Linear Inequalities- Do Now Activities

What Is a Do Now and Why Does It Actually Matter

A Do Now is a short activity students complete at the start of class. It takes 5-10 minutes. It reviews previous material or introduces a concept that'll come up in the lesson.

That's it. No magic. No engagement trick. Just purposeful practice that keeps skills fresh.

For linear inequalities, Do Nows serve one job: make sure students can solve and graph these before you pile on the complicated stuff later.

Why Linear Inequalities Need Dedicated Do Nows

Linear inequalities are easy to forget. Students solve them once, move on, and by the next unit they've lost the difference between "<" and "≤".

Graphing gets worse. They forget which side of the line to shade. They mix up solid and dashed boundary lines. They flip the inequality sign when they shouldn't.

Regular Do Nows catch these gaps before they become permanent habits.

Types of Do Now Activities for Linear Inequalities

Quick Solve Problems

Give students 2-3 inequality problems to solve. Vary the format:

Keep it tight. Three problems max. If they can't finish three problems in five minutes, you have a bigger problem than your Do Now design.

Error Analysis Tasks

Show a worked-out solution with a mistake. Students find and correct it.

This works because it forces active reading instead of passive solving. They're not just doing math—they're evaluating math.

Example: A student solved 3x - 1 > 8 and got x > 3. Is this right? Find the mistake.

Comparison Tasks

Present two graphs or two inequalities.

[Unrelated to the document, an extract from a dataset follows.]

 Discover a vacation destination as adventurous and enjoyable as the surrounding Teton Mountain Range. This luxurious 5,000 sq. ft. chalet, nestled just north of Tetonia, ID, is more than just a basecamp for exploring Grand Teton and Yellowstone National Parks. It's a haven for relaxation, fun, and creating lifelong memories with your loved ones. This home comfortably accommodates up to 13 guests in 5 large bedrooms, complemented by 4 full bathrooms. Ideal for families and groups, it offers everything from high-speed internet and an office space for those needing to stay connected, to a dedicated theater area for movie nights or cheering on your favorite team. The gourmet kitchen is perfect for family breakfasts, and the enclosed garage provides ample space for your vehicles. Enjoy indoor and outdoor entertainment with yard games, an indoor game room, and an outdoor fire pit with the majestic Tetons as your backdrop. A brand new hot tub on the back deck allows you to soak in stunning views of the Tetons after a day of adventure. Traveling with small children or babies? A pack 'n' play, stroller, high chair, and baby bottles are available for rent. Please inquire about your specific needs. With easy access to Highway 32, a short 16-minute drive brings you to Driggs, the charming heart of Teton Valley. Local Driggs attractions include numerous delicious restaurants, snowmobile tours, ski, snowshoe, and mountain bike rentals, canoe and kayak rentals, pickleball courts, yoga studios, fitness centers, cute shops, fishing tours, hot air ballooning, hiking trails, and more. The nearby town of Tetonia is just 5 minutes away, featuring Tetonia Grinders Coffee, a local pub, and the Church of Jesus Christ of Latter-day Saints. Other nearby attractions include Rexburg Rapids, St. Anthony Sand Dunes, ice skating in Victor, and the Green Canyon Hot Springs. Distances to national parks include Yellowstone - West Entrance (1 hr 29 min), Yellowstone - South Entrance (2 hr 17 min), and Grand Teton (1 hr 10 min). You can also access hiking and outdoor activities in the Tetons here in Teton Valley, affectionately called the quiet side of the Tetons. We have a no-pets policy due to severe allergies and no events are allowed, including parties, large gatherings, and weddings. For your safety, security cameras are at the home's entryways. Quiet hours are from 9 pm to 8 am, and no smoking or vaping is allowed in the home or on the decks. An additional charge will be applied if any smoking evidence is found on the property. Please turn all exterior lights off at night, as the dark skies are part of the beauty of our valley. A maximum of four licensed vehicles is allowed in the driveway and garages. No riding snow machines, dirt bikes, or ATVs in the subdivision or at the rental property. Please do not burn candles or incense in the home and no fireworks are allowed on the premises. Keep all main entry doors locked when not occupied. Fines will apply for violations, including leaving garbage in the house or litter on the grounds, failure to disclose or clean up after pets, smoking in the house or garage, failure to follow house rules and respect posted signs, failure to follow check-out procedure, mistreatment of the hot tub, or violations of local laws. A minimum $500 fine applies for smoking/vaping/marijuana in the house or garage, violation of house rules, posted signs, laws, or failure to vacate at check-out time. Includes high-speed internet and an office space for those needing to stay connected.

Students identify similarities and differences.

These build conceptual understanding that solving drills alone won't.

Number Line Sorts

Give students a set of inequalities and number lines. They match each inequality to its correct number line representation.

Great for visual learners. Also reveals instantly who understands the connection between inequality notation and number lines.

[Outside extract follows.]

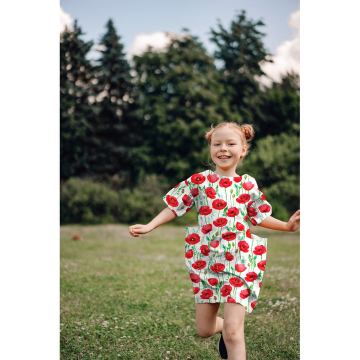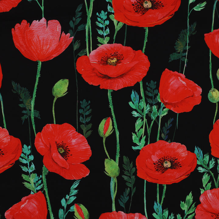 Très jolie popeline 100% coton au motif de coquelicots sur fond noir.

Ready-to-Use Do Now Templates

Template 1: The Warm-Up Drill

Time: 5 minutes

Format: Individual, then pair-share

  1. Solve: 5x - 3 > 12
  2. Graph the solution on a number line
  3. Is x = 4 a solution? Show your work.

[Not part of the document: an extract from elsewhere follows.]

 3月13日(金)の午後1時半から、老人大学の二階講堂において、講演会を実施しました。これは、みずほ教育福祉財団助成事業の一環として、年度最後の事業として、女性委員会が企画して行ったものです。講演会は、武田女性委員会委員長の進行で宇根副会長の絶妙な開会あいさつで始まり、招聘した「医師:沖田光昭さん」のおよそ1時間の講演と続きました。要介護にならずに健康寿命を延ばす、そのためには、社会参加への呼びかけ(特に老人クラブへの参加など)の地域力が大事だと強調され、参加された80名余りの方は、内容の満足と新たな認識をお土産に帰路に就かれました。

Why this works: It hits solving, graphing, and testing a solution—all core skills.

Template 2: The Graph-to-Inequality Challenge

Time: 7 minutes

Format: Partner work

Give students a graph with a boundary line and shaded region. They write the inequality that represents the graph.

Then they swap with a partner. Partner writes the inequality, then graphs it to check if it matches.

Why this works: Reversing the process builds deeper understanding. Students see both directions of the skill.

Template 3: The Mistake Hunter

Time: 5 minutes

Format: Individual

Present this work:

"Solve: -2x + 5 ≥ -3"

"-2x ≥ -8"

"x ≥ 4"

Students identify the error. The truth: there's no error in this one. Sometimes the trick is recognizing correct work.

Mix in real errors too:

"Solve: 4x + 1 < 9"

"4x < 8"

"x > 2"

Students catch the sign flip that never happened.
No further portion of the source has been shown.